Medication for Anxiety and Depression

Anxiety and Depression Explained

Anxiety and depression are often grouped together in discussions of mental illness. The problems frequently do co-occur: both are associated with feeling powerless, and both manifest symptoms like sleeplessness, mood swings, difficulty concentrating, and obsessive thoughts. If anxiety or depression (or both) are diagnosed as symptoms of mental disorder, medication is often prescribed. While useful for improving symptoms, these medications can also generate dangerous dependence.

Anxiolytics: Major Classes and Addiction Risks

Anxiolytics, or anti-anxiety medications, are used primarily in short-term prescriptions because they carry risk of addiction.

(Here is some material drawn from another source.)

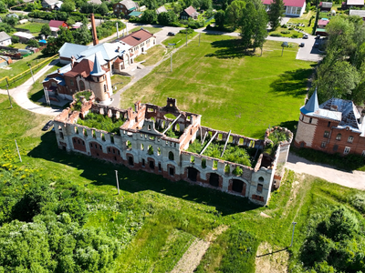 Попадая в усадьбу со стороны конного двора, путешественники с восхищением застывают перед двухэтажным зданием с башнями в полной уверенности, что это и есть дом Храповицкого. Как же они бывают потрясены, когда выходят к самим хозяйским хоромам! Да, Владимир Храповицкий денег на преображение усадьбы не пожалел: для лошадей отгрохал небольших размеров дворец, для себя построил невероятной красоты готический замок, в котором было больше 80 комнат! С таким же размахом обустраивалось и остальное имение. Увы, сейчас усадьба находится не в лучшем состоянии. В советские годы за ней не следили, так что от большинства построек – а здесь их было больше 70 – ничего не осталось. Например, утрачен театр, который, по желанию хозяина, делали как миниатюрную копию «Мариинского». Но и то, что есть сегодня в виде стен, способно подарить огромный эстетический восторг даже неискушенному в архитектурных формах путешественнику.

Benzodiazepines, the most frequently prescribed anxiolytics, work by regulating neurotransmitters to reduce excitability. They are highly habit-forming—especially if taken for more than two months—and generate addiction symptoms similar to those of alcoholism. Withdrawal can be life-threatening.

Barbiturates are sedative-hypnotic drugs that reduce anxiety by relaxing body functions. The most common anxiolytic medications during the third quarter of the twentieth century, they carry high overdose risk if taken outside of carefully measured prescriptions, and have been largely replaced by benzodiazepines. As with benzodiazepines, addiction withdrawal symptoms (agitation, fever, hallucinations, seizures) can be severe.

Antidepressants: Major Classes and Addiction Risks

Antidepressants are less likely than anxiolytics to lead to addiction, but still carry potential risks. Most withdrawal problems are associated with psychological dependence or non-addicted physical dependence. (Physical dependence is not officially diagnosed as addiction unless there are also psychological cravings and disruptions to everyday life.)

Antidepressants work by regulating the brain’s neurons to increase availability of neurotransmitter chemicals such as serotonin (responsible for mood stability), dopamine (responsible for generating feelings of pleasure), and norepinephrine (responsible for alertness and energy).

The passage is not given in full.